Your task. Reproduce all of the data below without alteration; exclude every picture.

Segment Start: Supplied data

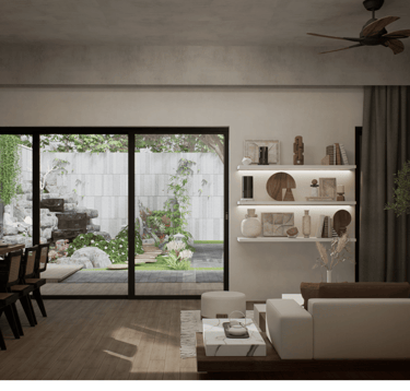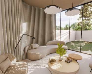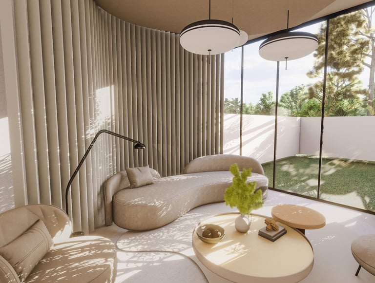 A tranquil space that speaks volumes through simplicity. This design creates an open connection with nature, offering a serene ambiance with thoughtful, minimal interventions. Clean lines and open layouts invite natural light and calming views, promoting a sense of comfort and well-being
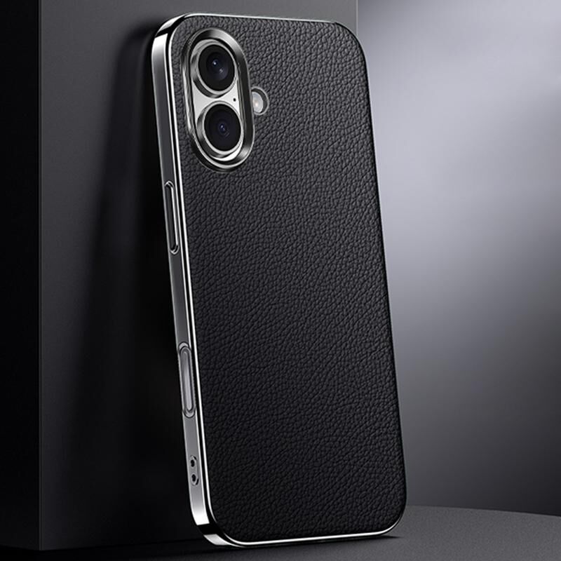 Θήκη τηλεφώνου για iPhone 16, Πρώτης ποιότητας δέρμα αγελάδας με ηλεκτρολυτική επίστρωση πολυανθρακικού (PC) (Μαύρο)
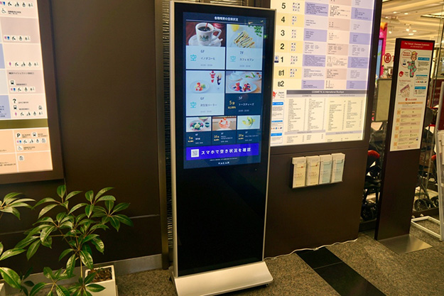 「VACAN」は、駅前の大規模商業施設内の飲食店の空席情報を、上層階にある飲食フロアではなく、地下や1階といった離れた場所で表示するものだ。せっかく上層階まで行ってから空席がないとなると顧客満足度はどうしても低下してしまう。
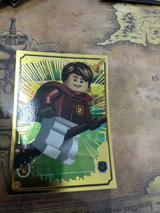 Carta coleccionable de Harry Potter con personaje de Lego. - Diseño de Ron Weasley. - Marco dorado y detalles holográficos. - Incluye emblemas de las casas de Hogwarts.
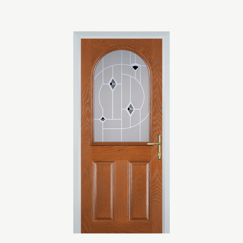 Introducing the Door E 2 Panel 1 Arch Oak Murano Black, a stunning blend of style and functionality that elevates your entrance while ensuring durability. This composite front door is expertly crafted to provide both aesthetic appeal and security, making it the perfect choice for discerning homeowners.
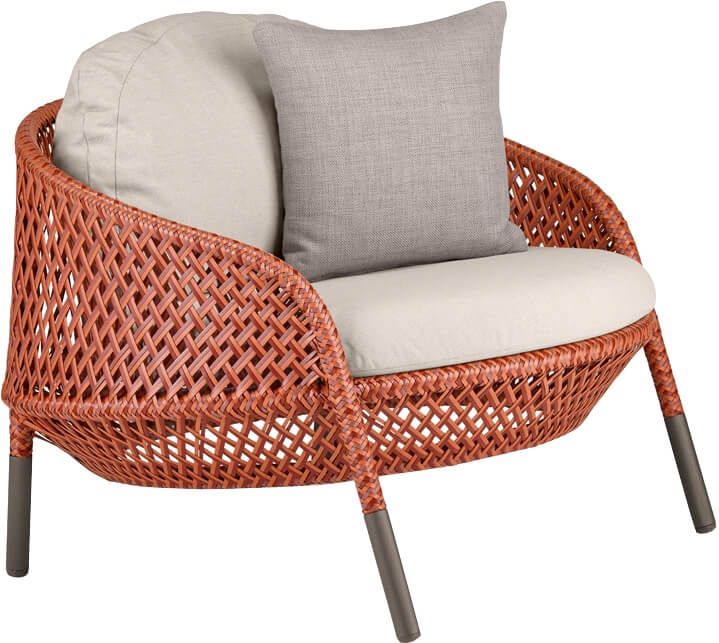 สี โครงหวายเทียมสีส้มแดง (ออกแนวอิฐ) หมอนรองนั่งและพิงสีเทาอ่อน
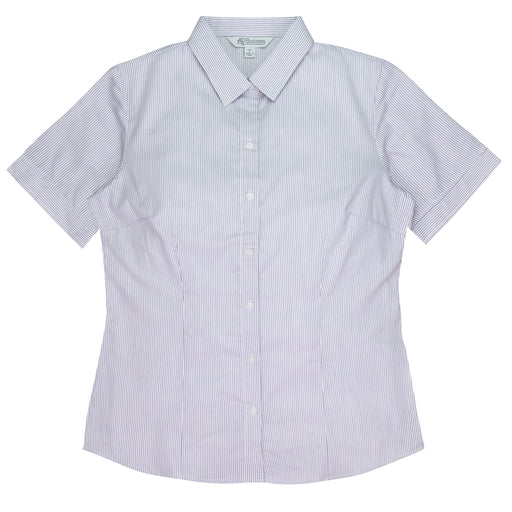 HENLEY LADY SHIRT SHORT SLEEVE - WHITE/PURPLE - RUNOUT
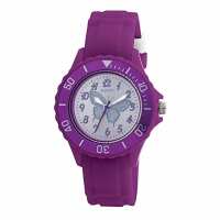 Childrens Tikkers Watch with Purple Silicone Strap and Silver Glitter Butterfly Face - TK0035
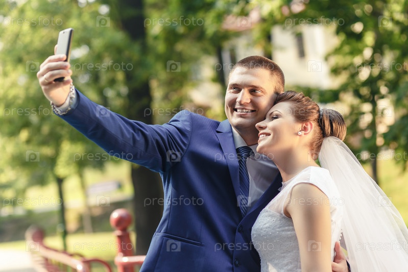 Невеста и жених сделают селфи

Segment End: Supplied data

Written answer.
 A tranquil space that speaks volumes through simplicity. This design creates an open connection with nature, offering a serene ambiance with thoughtful, minimal interventions. Clean lines and open layouts invite natural light and calming views, promoting a sense of comfort and well-being
 Θήκη τηλεφώνου για iPhone 16, Πρώτης ποιότητας δέρμα αγελάδας με ηλεκτρολυτική επίστρωση πολυανθρακικού (PC) (Μαύρο)
 「VACAN」は、駅前の大規模商業施設内の飲食店の空席情報を、上層階にある飲食フロアではなく、地下や1階といった離れた場所で表示するものだ。せっかく上層階まで行ってから空席がないとなると顧客満足度はどうしても低下してしまう。
 Carta coleccionable de Harry Potter con personaje de Lego. - Diseño de Ron Weasley. - Marco dorado y detalles holográficos. - Incluye emblemas de las casas de Hogwarts.
 Introducing the Door E 2 Panel 1 Arch Oak Murano Black, a stunning blend of style and functionality that elevates your entrance while ensuring durability. This composite front door is expertly crafted to provide both aesthetic appeal and security, making it the perfect choice for discerning homeowners.
 สี โครงหวายเทียมสีส้มแดง (ออกแนวอิฐ) หมอนรองนั่งและพิงสีเทาอ่อน
 HENLEY LADY SHIRT SHORT SLEEVE - WHITE/PURPLE - RUNOUT
 Childrens Tikkers Watch with Purple Silicone Strap and Silver Glitter Butterfly Face - TK0035
 Невеста и жених сделают селфи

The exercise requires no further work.